Elías se dice a sí mismo cuanto ha gritado a los profetas de Baal, pues tampoco para él hay respuesta de parte de Yahveh. Elías se siente hundido en lo más profundo de la desesperación. No hay salvación. Todo ha sido una farsa. Bajo la retama, Elías se abandona a la muerte lo mismo que, años antes, un niño fue ofrecido a la muerte por su madre. Agar, echada de casa por Abraham, “se fue y anduvo por el desierto de Berseba. Como llegase a faltar el agua del odre, echó al niño bajo una mata, y ella misma fue a sentarse enfrente, a distancia como de un tiro de arco, pues decía: No quiero ver morir al niño” (Gn 21,14-16). Una tradición rabínica afirma que Agar dejó a Ismael bajo una retama como la de Elías.

Agar e Ismael huyen de Sara, Elías huye de Jezabel. Con Ismael, como ahora con Elías, Dios en un primer momento calla.
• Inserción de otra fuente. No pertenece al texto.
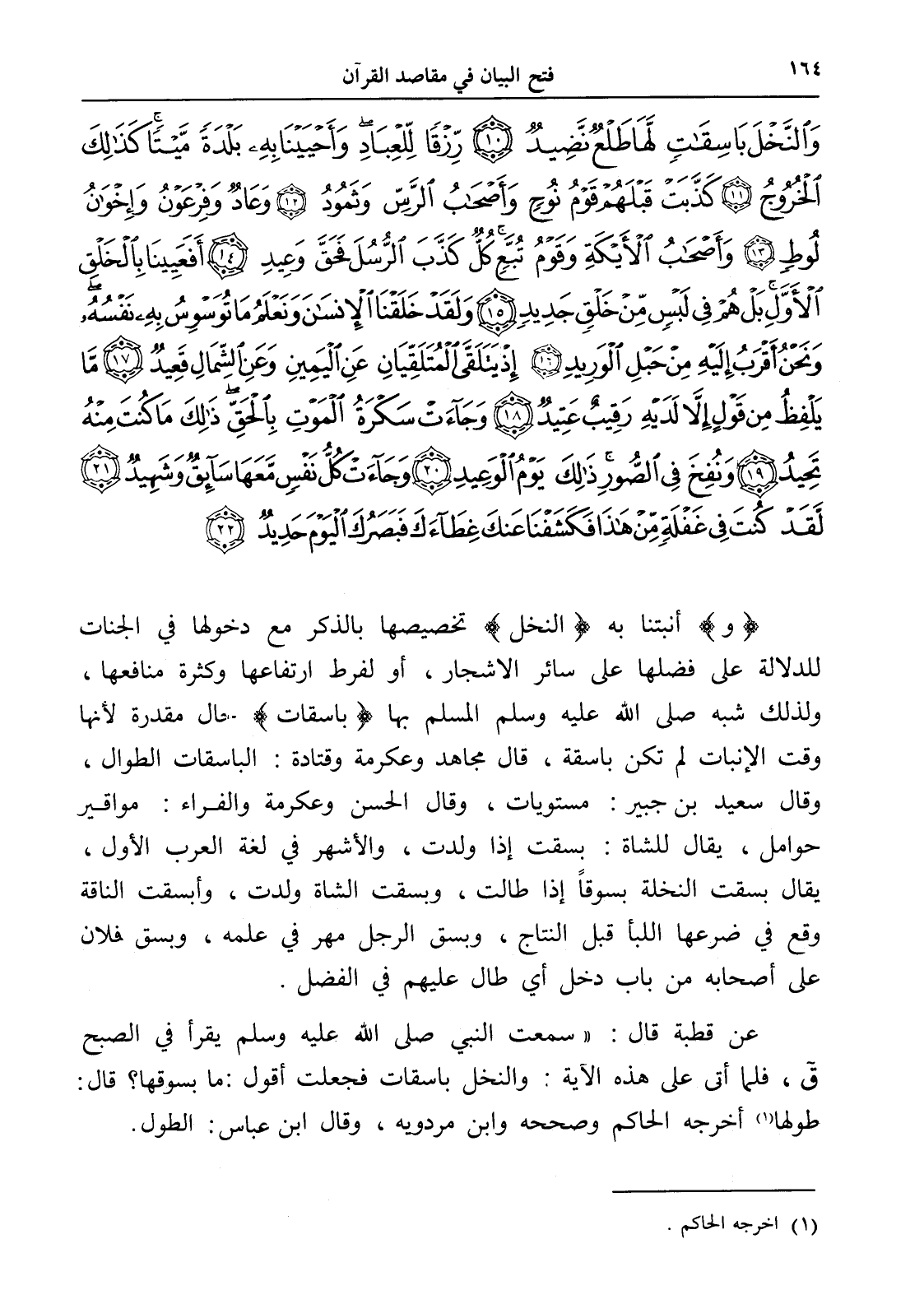 وَالنَّخْلَ بَاسِقَاتٍ لَهَا طَلْعٌ نَضِيدٌ (10) رِزْقًا لِلْعِبَادِ وَأَحْيَيْنَا بِهِ بَلْدَةً مَيْتًا كَذَلِكَ الْخُرُوجُ (11) كَذَّبَتْ قَبْلَهُمْ قَوْمُ نُوحٍ وَأَصْحَابُ الرَّسِّ وَثَمُودُ (12) وَعَادٌ وَفِرْعَوْنُ وَإِخْوَانُ لُوطٍ (13) وَأَصْحَابُ الْأَيْكَةِ وَقَوْمُ تُبَّعٍ كُلٌّ كَذَّبَ الرُّسُلَ فَحَقَّ وَعِيدِ (14) أَفَعَيِينَا بِالْخَلْقِ الْأَوَّلِ بَلْ هُمْ فِي لَبْسٍ مِنْ خَلْقٍ جَدِيدٍ (15) وَلَقَدْ خَلَقْنَا الْإِنْسَانَ وَنَعْلَمُ مَا تُوَسْوِسُ بِهِ نَفْسُهُ وَنَحْنُ أَقْرَبُ إِلَيْهِ مِنْ حَبْلِ الْوَرِيدِ (16) إِذْ يَتَلَقَّى الْمُتَلَقِّيَانِ عَنِ الْيَمِينِ وَعَنِ الشِّمَالِ قَعِيدٌ (17) مَا يَلْفِظُ مِنْ قَوْلٍ إِلَّا لَدَيْهِ رَقِيبٌ عَتِيدٌ (18) وَجَاءَتْ سَكْرَةُ الْمَوْتِ بِالْحَقِّ ذَلِكَ مَا كُنْتَ مِنْهُ تَحِيدُ (19) وَنُفِخَ فِي الصُّورِ ذَلِكَ يَوْمُ الْوَعِيدِ (20) وَجَاءَتْ كُلُّ نَفْسٍ مَعَهَا سَائِقٌ وَشَهِيدٌ (21) لَقَدْ كُنْتَ فِي غَفْلَةٍ مِنْ هَذَا فَكَشَفْنَا عَنْكَ غِطَاءَكَ فَبَصَرُكَ الْيَوْمَ حَدِيدٌ (22)

Luego, en ambos casos, interviene mediante un ángel, que se acerca a cada uno de ellos y les dice:

-Levántate (Gn 21,17-18; 1R 19,7).

Elías, que se encuentra en el lugar y en la situación similar a la de Ismael, espera que se repita en su vida lo mismo que ocurrió con Ismael: “Dios escuchó la voz del chico, y el Ángel de Dios llamó a Agar desde los cielos y le dijo:

-¿Qué te pasa, Agar? No temas, porque Dios ha oído la voz del chico en donde está. ¡Arriba!, levanta al chico y tenle de la mano, porque he de convertirle en una gran nación.

Entonces Dios abrió los ojos de ella, y vio un pozo de agua. Fue, llenó el odre de agua y dio de beber al chico” (Gn 21,17-19).

Elías desea que Dios lo escuche. Todo su ser se identifica con la súplica muda de Ismael sentado en las afueras de Berseba a la sombra del arbusto. Y Dios le escucha y le da la misma respuesta. A la sombra de la retama se dirige a Yahveh, suplicante:

-¡Yahveh, toma mi vida, porque no soy mejor que mis padres!

Se acuesta y se duerme bajo la retama, pero un ángel le toca y le dice: -Levántate y come.

Elías mira y ve a su cabecera una torta cocida sobre piedras calientes y un jarro de agua. Come y bebe y se vuelve a acostar. Vuelve por segunda vez el ángel de Yahveh, le toca y le dice:

-Levántate y come, porque el camino es demasiado largo para ti (1R 19,4-7).

Los Padres de la Iglesia han visto en este pan el símbolo de la Eucaristía que da vigor al cristiano durante su peregrinación por este mundo.